Your output should be everything below from the line containing "Vita sneakers i" down to the line containing "Observera att blottade", both ends included, copied exactly, with pictures left out.

Segment Open

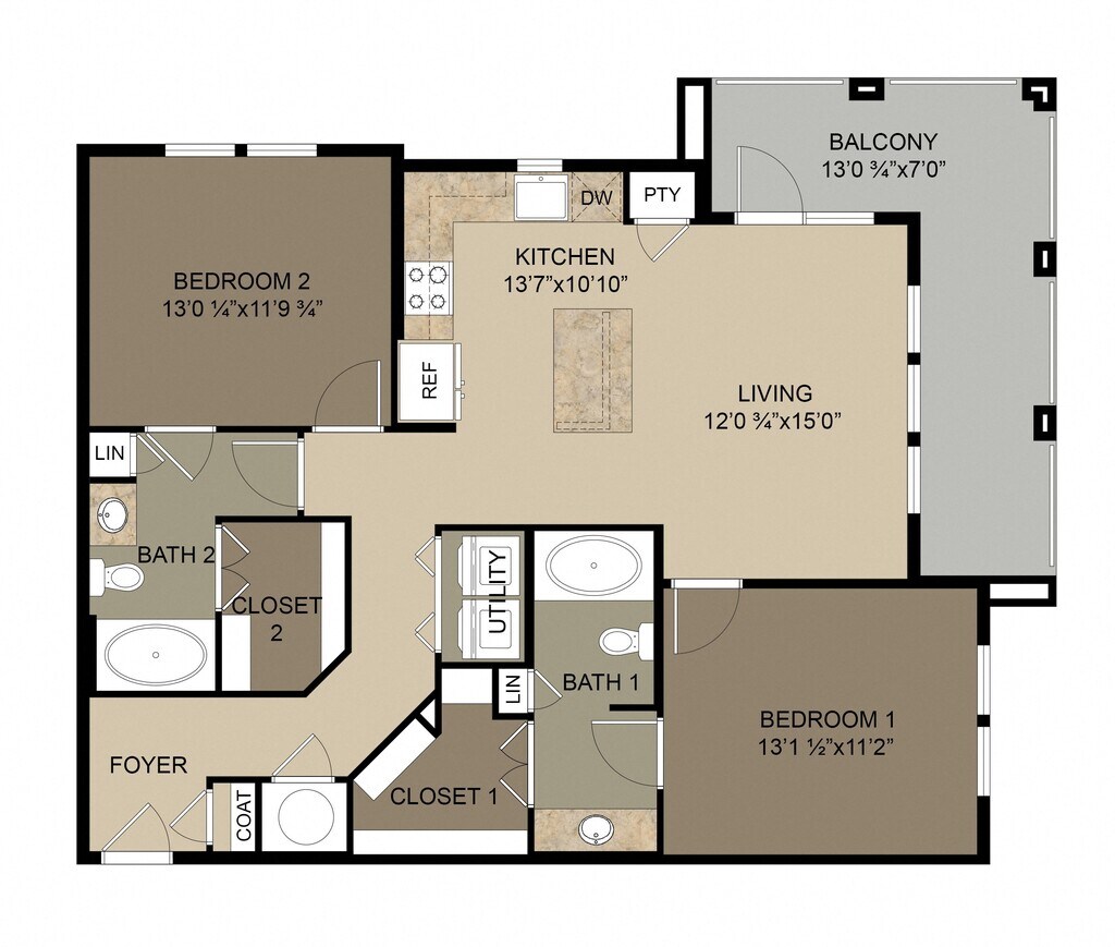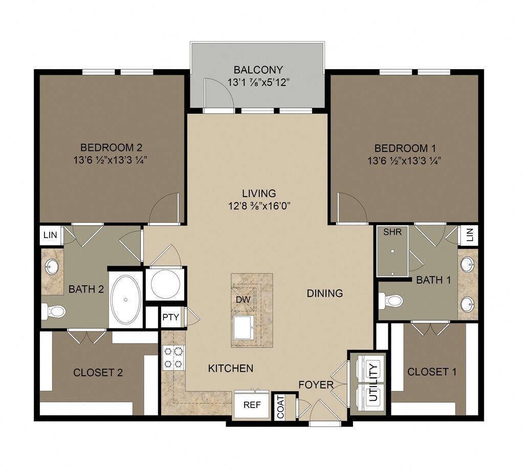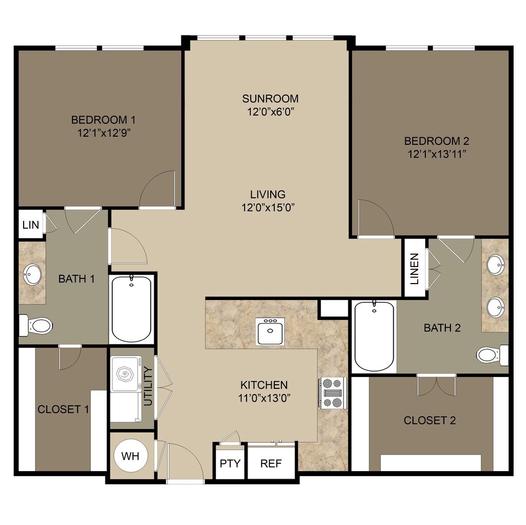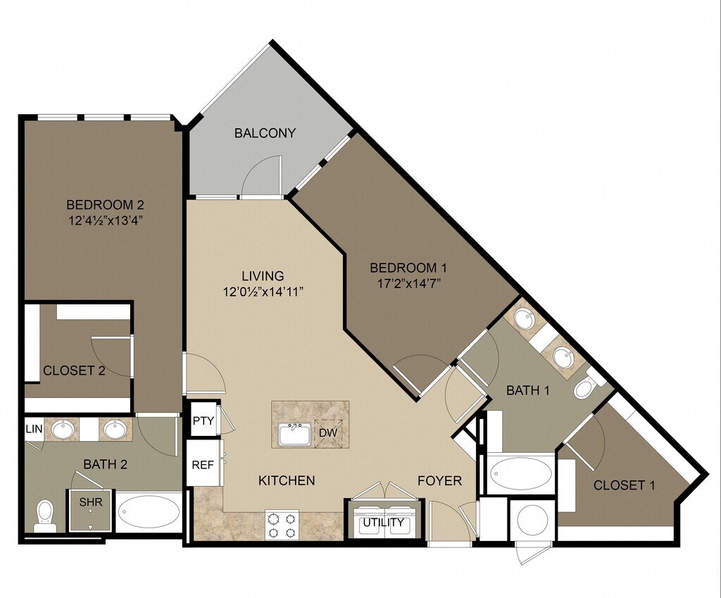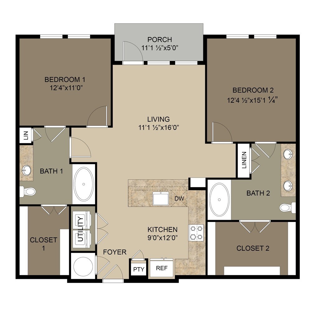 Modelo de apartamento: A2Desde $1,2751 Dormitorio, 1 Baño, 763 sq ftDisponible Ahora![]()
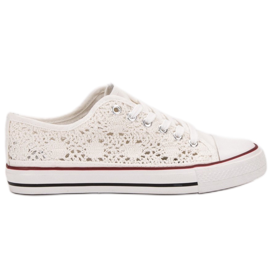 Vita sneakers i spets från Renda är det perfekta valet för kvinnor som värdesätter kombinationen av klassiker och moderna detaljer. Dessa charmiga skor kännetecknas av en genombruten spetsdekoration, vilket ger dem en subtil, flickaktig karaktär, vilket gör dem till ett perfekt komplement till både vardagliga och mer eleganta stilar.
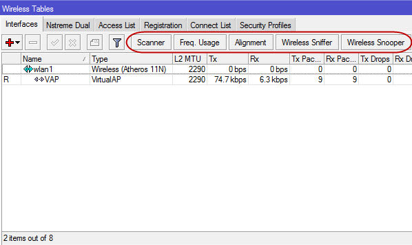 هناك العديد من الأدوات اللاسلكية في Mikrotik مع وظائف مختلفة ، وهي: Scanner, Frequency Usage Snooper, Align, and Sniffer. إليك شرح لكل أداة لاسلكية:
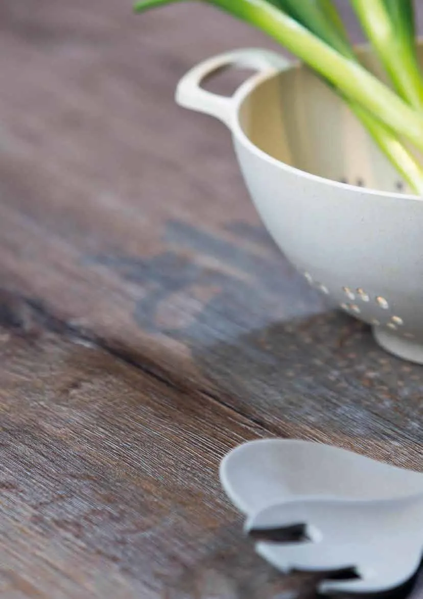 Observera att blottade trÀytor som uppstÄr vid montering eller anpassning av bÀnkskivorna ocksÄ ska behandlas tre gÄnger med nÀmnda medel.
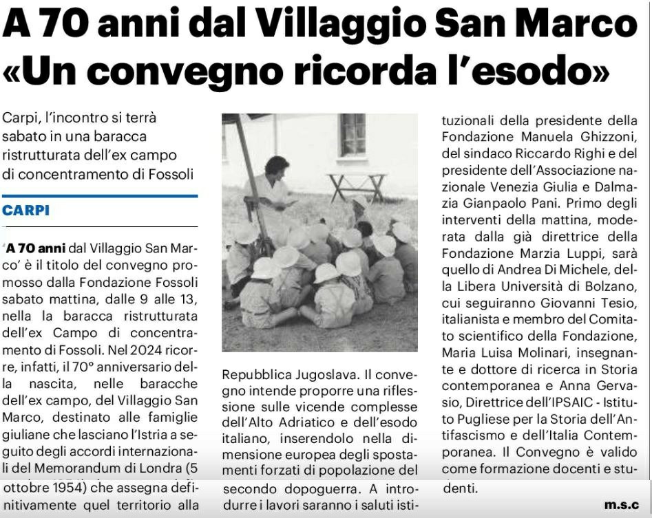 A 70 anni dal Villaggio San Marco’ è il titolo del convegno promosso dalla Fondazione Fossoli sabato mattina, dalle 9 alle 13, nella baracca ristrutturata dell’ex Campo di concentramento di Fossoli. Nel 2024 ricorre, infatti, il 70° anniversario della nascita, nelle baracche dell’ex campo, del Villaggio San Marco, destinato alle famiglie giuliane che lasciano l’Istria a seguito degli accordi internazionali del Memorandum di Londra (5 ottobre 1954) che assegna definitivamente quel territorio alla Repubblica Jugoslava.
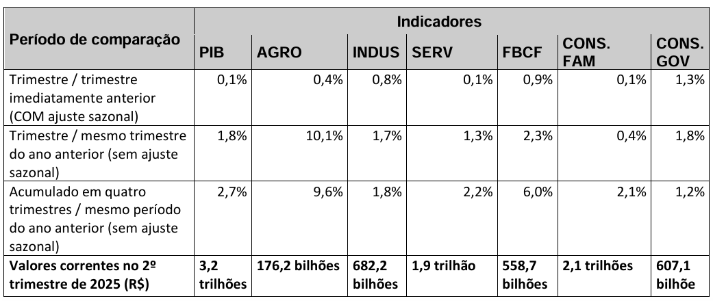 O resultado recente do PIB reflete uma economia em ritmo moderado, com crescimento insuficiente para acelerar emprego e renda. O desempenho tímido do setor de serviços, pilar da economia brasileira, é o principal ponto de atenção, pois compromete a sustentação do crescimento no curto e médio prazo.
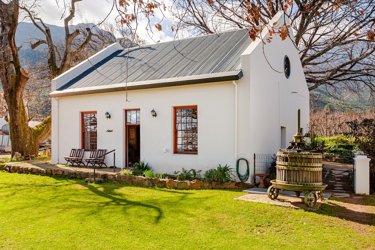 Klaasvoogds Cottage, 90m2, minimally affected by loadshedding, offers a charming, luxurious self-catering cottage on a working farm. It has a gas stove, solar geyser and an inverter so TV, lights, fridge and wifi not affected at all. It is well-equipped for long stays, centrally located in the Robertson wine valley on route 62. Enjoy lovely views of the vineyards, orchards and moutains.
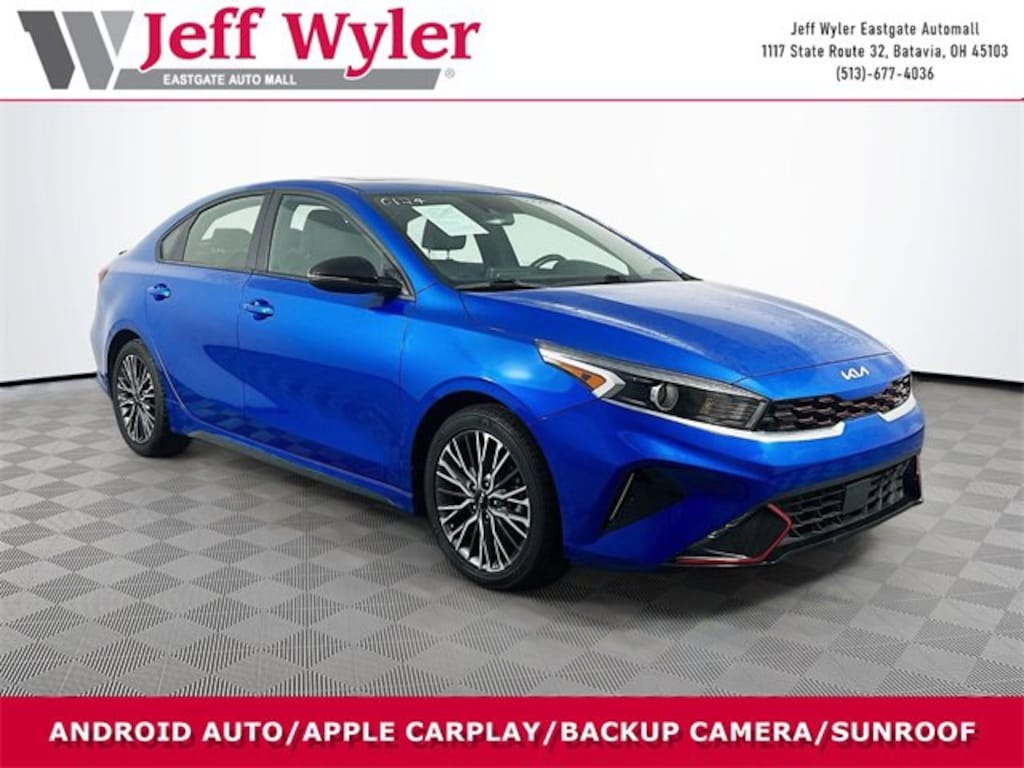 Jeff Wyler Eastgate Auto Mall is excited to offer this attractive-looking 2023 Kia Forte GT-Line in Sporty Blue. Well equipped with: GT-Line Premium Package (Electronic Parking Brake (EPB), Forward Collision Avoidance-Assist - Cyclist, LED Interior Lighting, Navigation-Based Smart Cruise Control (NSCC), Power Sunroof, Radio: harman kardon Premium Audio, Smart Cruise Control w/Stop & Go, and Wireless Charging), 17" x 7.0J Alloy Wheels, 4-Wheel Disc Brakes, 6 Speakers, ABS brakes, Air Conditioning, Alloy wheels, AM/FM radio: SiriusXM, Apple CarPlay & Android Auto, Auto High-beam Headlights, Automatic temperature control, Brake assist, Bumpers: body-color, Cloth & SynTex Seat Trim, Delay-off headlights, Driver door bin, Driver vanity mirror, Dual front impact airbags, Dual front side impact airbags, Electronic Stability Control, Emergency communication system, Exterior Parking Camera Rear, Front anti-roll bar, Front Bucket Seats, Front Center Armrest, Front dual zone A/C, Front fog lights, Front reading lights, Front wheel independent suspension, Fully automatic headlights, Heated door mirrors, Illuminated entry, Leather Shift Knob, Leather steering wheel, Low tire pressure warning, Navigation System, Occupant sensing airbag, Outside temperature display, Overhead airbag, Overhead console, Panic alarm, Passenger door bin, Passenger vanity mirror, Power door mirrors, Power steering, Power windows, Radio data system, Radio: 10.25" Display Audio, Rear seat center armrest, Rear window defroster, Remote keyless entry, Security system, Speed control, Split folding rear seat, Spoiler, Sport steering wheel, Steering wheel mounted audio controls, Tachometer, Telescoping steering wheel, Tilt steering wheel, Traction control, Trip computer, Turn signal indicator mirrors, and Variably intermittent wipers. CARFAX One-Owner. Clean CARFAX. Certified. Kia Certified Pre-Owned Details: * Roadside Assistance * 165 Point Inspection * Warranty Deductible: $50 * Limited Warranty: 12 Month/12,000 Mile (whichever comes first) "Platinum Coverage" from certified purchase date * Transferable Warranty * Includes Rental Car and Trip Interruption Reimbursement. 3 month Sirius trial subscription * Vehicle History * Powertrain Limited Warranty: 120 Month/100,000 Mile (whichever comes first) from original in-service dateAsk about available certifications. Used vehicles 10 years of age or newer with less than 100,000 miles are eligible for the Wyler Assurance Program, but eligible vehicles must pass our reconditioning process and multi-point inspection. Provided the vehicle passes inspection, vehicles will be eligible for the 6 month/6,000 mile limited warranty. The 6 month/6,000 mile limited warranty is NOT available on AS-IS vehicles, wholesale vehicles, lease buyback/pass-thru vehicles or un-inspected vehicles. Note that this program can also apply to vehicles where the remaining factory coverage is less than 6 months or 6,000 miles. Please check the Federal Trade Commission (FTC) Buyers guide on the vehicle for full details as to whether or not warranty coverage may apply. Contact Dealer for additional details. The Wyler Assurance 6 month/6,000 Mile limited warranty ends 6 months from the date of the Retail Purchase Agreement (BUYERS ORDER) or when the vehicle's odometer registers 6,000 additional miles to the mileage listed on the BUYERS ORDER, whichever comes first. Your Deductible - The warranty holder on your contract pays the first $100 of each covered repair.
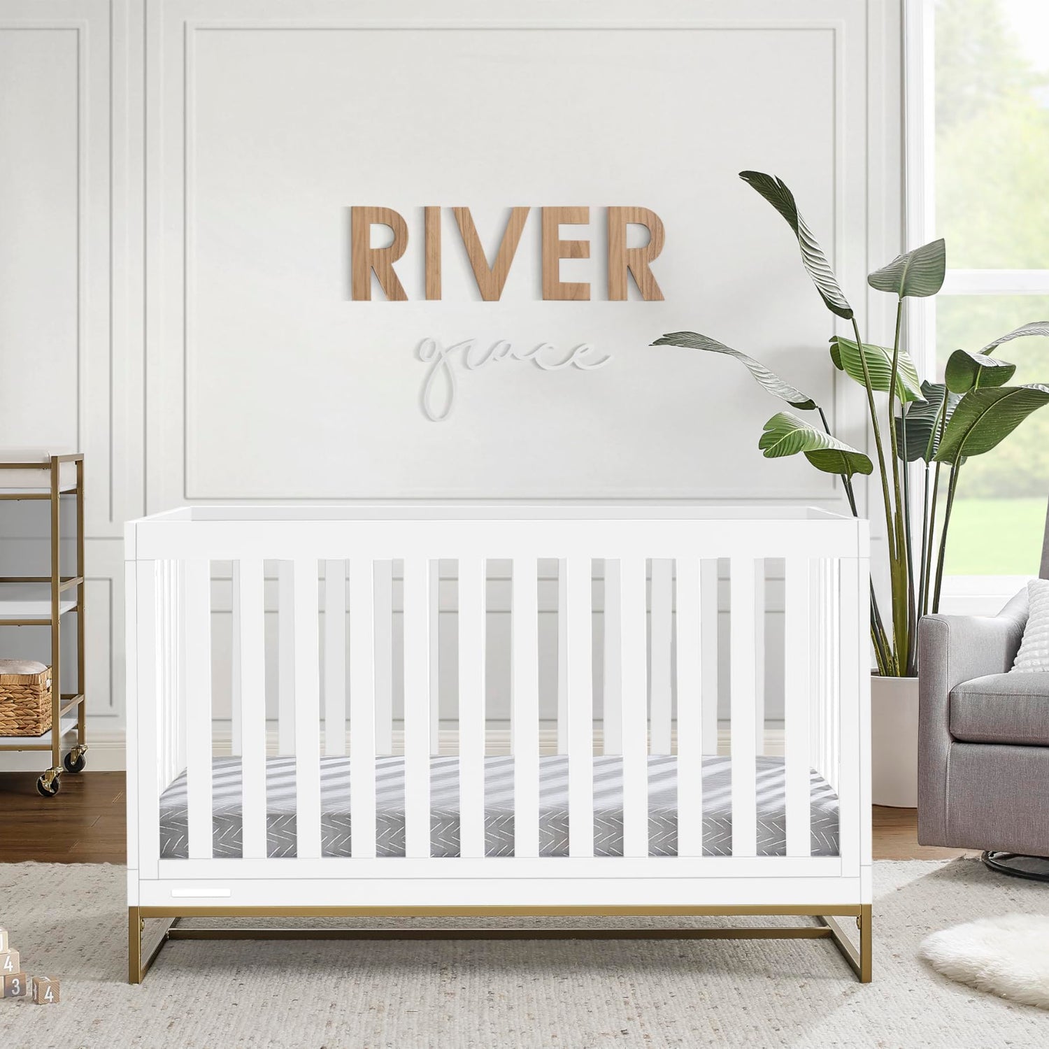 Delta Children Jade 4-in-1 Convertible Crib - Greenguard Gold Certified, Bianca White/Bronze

Segment Closed

• YOUR RESPONSE
 Vita sneakers i spets från Renda är det perfekta valet för kvinnor som värdesätter kombinationen av klassiker och moderna detaljer. Dessa charmiga skor kännetecknas av en genombruten spetsdekoration, vilket ger dem en subtil, flickaktig karaktär, vilket gör dem till ett perfekt komplement till både vardagliga och mer eleganta stilar.
 هناك العديد من الأدوات اللاسلكية في Mikrotik مع وظائف مختلفة ، وهي: Scanner, Frequency Usage Snooper, Align, and Sniffer. إليك شرح لكل أداة لاسلكية:
 Observera att blottade trÀytor som uppstÄr vid montering eller anpassning av bÀnkskivorna ocksÄ ska behandlas tre gÄnger med nÀmnda medel.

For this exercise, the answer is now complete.